На следующий день, в восемь, я прихожу на работу. Новый начальник уже на месте; он что, ночевал тут, придурок? На эспланаде между небоскребами колышется мерзкий, грязный туман. В только что отстроенном здании напротив, где служащие обживают новые кабинеты, то зажигаются, то гаснут лампы дневного света: из-за этого кажется, что жизнь там течет в каком-то неестественном, замедленном темпе. Новый начальник предлагает мне чашечку кофе; видно, еще не отказался от мысли расположить меня к себе. Я по глупости соглашаюсь, и мне тут же доверяют ответственную миссию: выявить огрехи в программном обеспечении, которое мы недавно продали министерству промышленности. Говорят, там есть ошибки. Я сижу над этим два часа и ничего не нахожу; правда, голова у меня занята другим.

В десять часов мы узнаем о гибели Тиссерана. Позвонили его родные, а секретарша сообщила эту весть всем нам. Официальное уведомление пришлют позднее, говорит она. Прямо не верится: это слишком похоже на ночной кошмар, который продолжает мучить тебя наяву. Однако это правда.

Тем же утром, чуть позже, мне звонит Катрин Лешардуа. Никакого конкретного дела у нее ко мне нет. «Может, увидимся как-нибудь», – роняет она; но я это себе плохо представляю.

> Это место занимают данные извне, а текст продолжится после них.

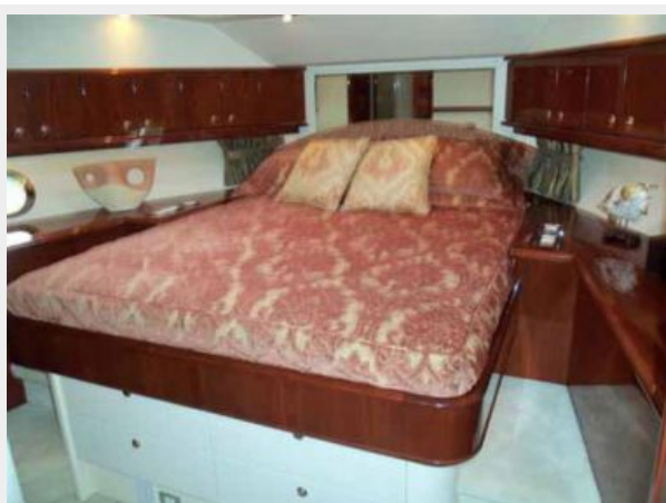
VIP Looking Forward
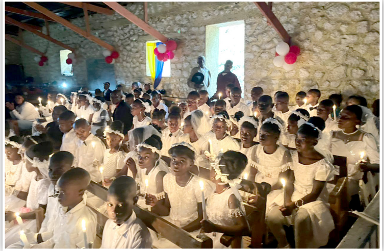
A beautiful candlelit first communion service takes place at the chapel in the village of Barassa, one of the communities that makes up our sister parish of Notre Dame de Lourdes. Much like the children at our parish, communicants look forward to dressing their best for this sacred celebration.
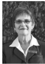
Elizabeth 8281 0638

St Patrick's Technical College Hooke Rd Edinburgh Nth Ph 8209 3700
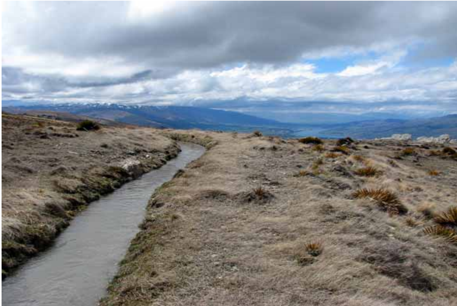
Water race high up on Carrick Range with Lake Dunstan in distance.
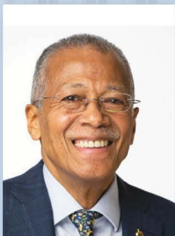
Senator ROBERT JACKSON
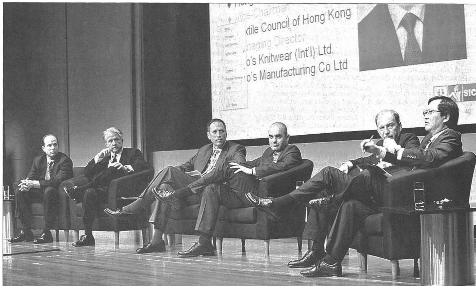
More than 60 senior executives representing the apparel industry and 400 other participants are expected to attend the Prime Source Forum.

"And, if the customer demand doesn't meet the supply, this will really hurt the
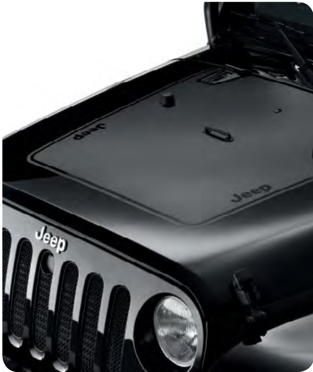
Hood decal in matt black with Jeep logo. Also available in matt silver.
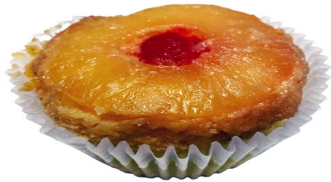
Pineapple Upside Down
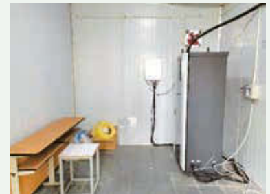
Waste gas emission monitoring station room

painting and spraying waste gas. Meanwhile, the Chongqing Production Plants have built a waste gas emission monitoring station room next to the existing boiler room waste gas emission chimney, and installed additional online monitoring equipment such as flue gas online analyser, dust meter, temperature-pressure-flow integrated machine, etc. to monitor the concentration of pollutants in the boiler emission in real time, effectively reducing the degree of impact on the atmosphere and the surrounding environment.
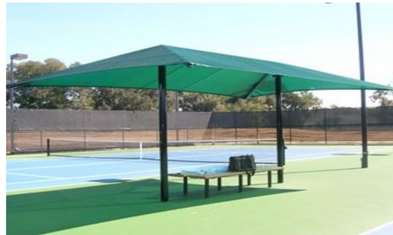
Example of Players Shade with Bench Seating
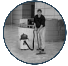
The Titan 708 is a utility vacuum for quick pick-up jobs.
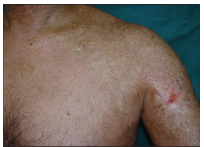
Figure 5. Sclerodermatous poikilodermatous changes of cGVHD with ulceration on the upper arm

appeared on the trunk, and distal parts of the extremities were spared (Figure 2). Joint retractions and dysphagia developed in 2 (9%) patients (Figure 3). None of the patients had Raynaud phenomenon. Autoimmune markers like SCL-70, ACA, ANA, and anti-DsDNA were negative in all patients.
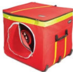
Ductless V-Box cube
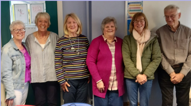
Eden PS Team , East Antrim
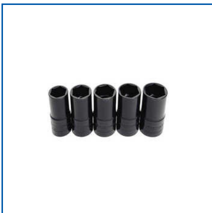
THIN WALL IMPACT SOCKETS

Electric Impact Wrench, Electric Torque Wrench, Electric Type OCE Series Pipe Cutting Machine, Electro Metabo Type OCM Series Pipe Cutting Machine, Electro Servo Type OCS Series Pipe Cutting Machine, Hydraulic Nut Splitters, Hydraulic Power Pack, Industrial Bolt Tensioners, Industrial Nut Splitter, Industrial Pipe Cutting Machine, Manual Torque Multiplier, Manual Torque Wrench, Metal Crowfoot Wrench, Metal Non-Sparking Tools, Open Type Slugging Wrench, etc.
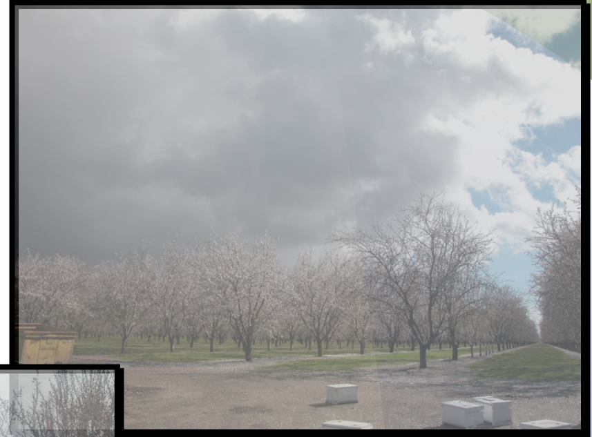
Feb 25, 2009

В полдень я вышел на улицу. В ближайшем книжном магазине я купил дорожную карту Мишлена (номер 80, «Родз-Альби-Ним»), Вернувшись к себе в кабинет, я тщательно изучил карту. В пять часов я понял, что мне нужно сделать: поехать в Сен-Сирг-ан-Монтань. Это название в царственном одиночестве красовалось среди лесов, заштрихованных зеленым, и треугольничков, обозначавших горные вершины. На тридцать километров вокруг не было ни одного населенного пункта. Я чувствовал, что нахожусь на пороге важнейшего открытия, что там, наверху, в ночь с 31 декабря на 1 января, когда один год сменит другой, мне суждено узнать великую, абсолютную истину. Я оставил на своем столе записку:

«Вынужден уехать раньше из-за забастовки железнодорожников».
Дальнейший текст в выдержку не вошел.